The Company may redeem some or all of the Senior Notes at any time on or after May 1, 2024, at the redemption prices set forth in the indenture, plus accrued and unpaid interest up to, but not including, the redemption date. Prior to May 1, 2024, the Company may redeem some or all of the Senior Notes at a price equal to 100% of the principal amount thereof, plus accrued and unpaid interest, if any, plus the “make-whole” premium set forth in the indenture. The Company may redeem up to 40% of the Senior Notes at any time prior to May 1, 2024, with the proceeds of certain equity offerings at the redemption prices set forth in the Indenture. If the Company sells certain assets or consummates certain change in control transactions, the Company will be required to make an offer to repurchase the Senior Notes.

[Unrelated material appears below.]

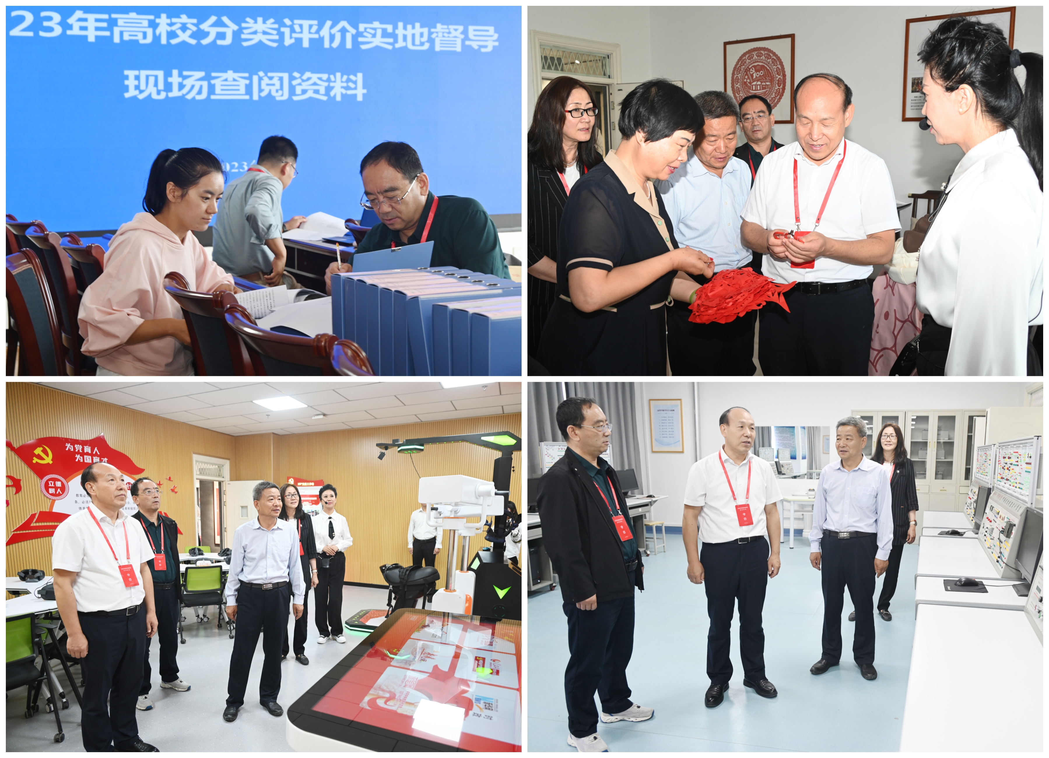 督導(dǎo)期間,專(zhuān)家組現(xiàn)場(chǎng)詳細(xì)查閱了資料,深入我校課程思政教學(xué)研究示范中心、紅色文化藝術(shù)館、名師工作室、傳統(tǒng)文化體驗(yàn)中心、非遺體驗(yàn)中心、VR智慧黨建體驗(yàn)館、運(yùn)動(dòng)場(chǎng)所、學(xué)生食堂、公寓管理中心及中科低碳新能源技術(shù)學(xué)院專(zhuān)業(yè)實(shí)驗(yàn)實(shí)訓(xùn)室等教育教學(xué)、實(shí)驗(yàn)實(shí)訓(xùn)、科研平臺(tái)開(kāi)展實(shí)地考察。
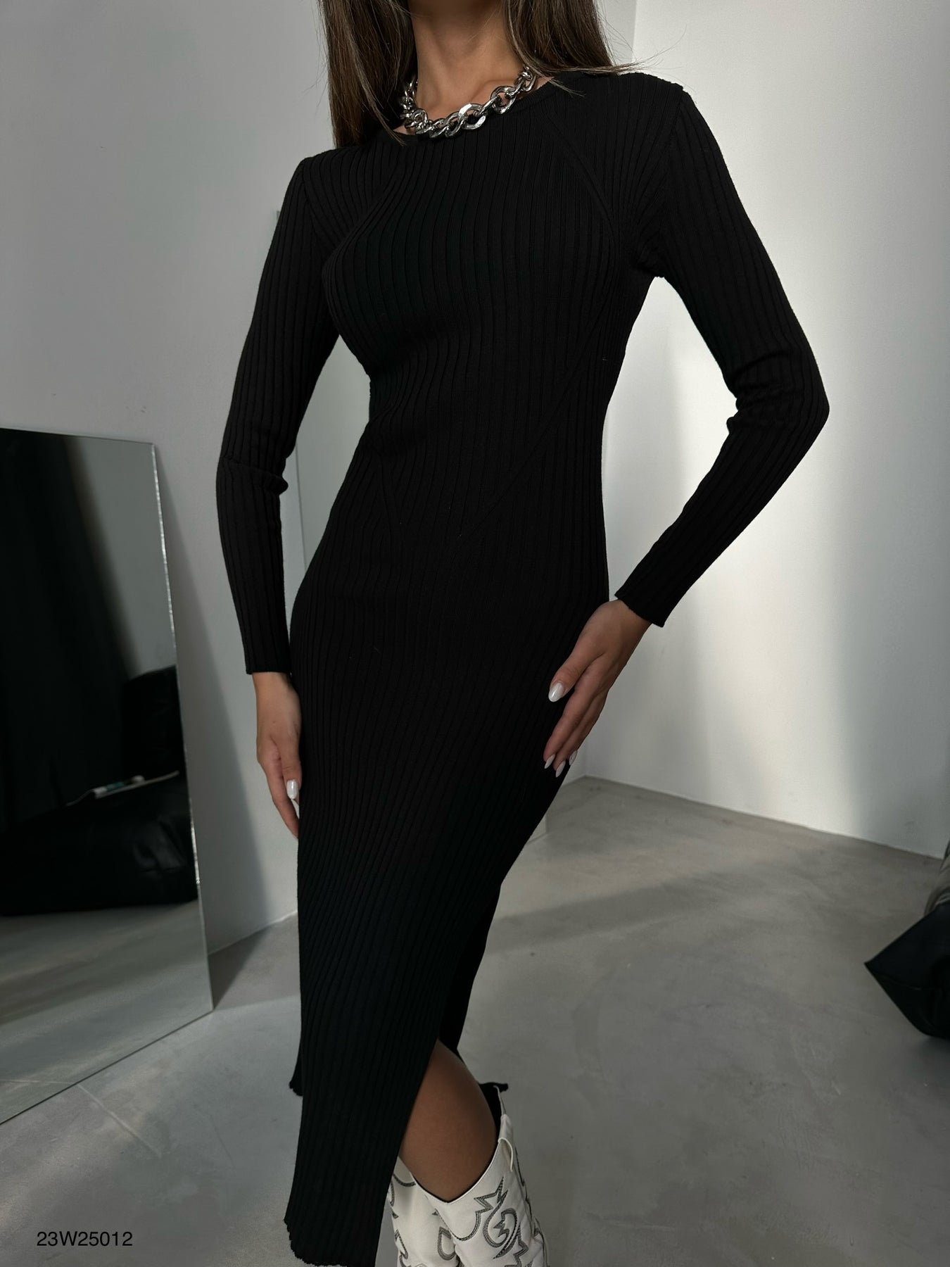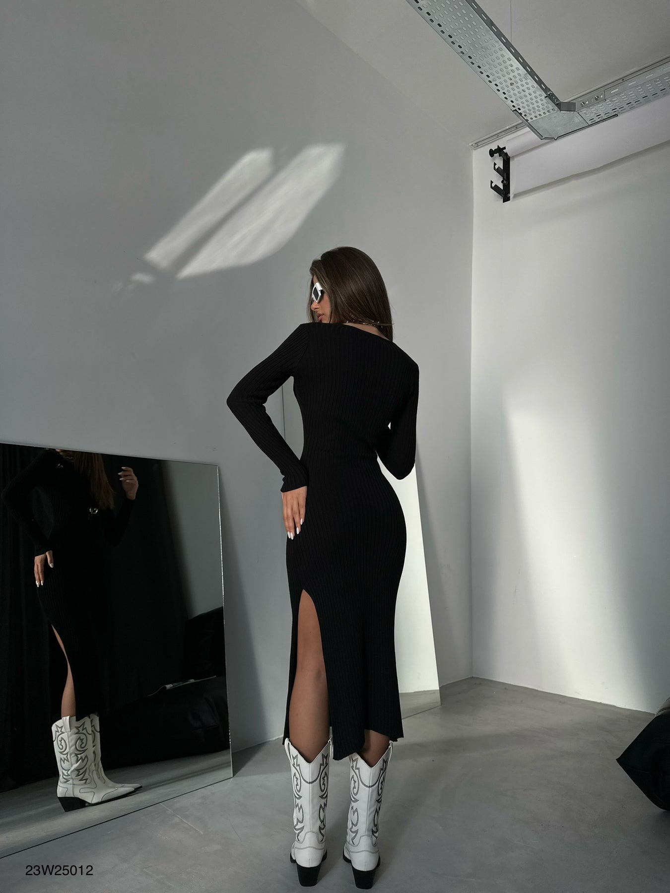 Bisiklet Yaka Uzun Kollu Midi Boy Yırtmaçlı Triko Elbise

The indenture contains certain covenants that, among other things, limit the Company’s ability and the ability of its restricted subsidiaries to incur additional indebtedness, make certain dividends, repurchase Company stock or make other distributions, make certain investments, create liens, transfer or sell assets, merge or consolidate, and enter into transactions with the Company’s affiliates. Such covenants are subject to important exceptions and qualifications set forth in the Indenture. The indenture also contains certain customary events of default, including failure to make payments in respect of the principal amount of the Senior Notes, failure to make payments of interest on the Senior Notes when due and payable, failure to comply with certain covenants and agreements and certain events of bankruptcy or insolvency.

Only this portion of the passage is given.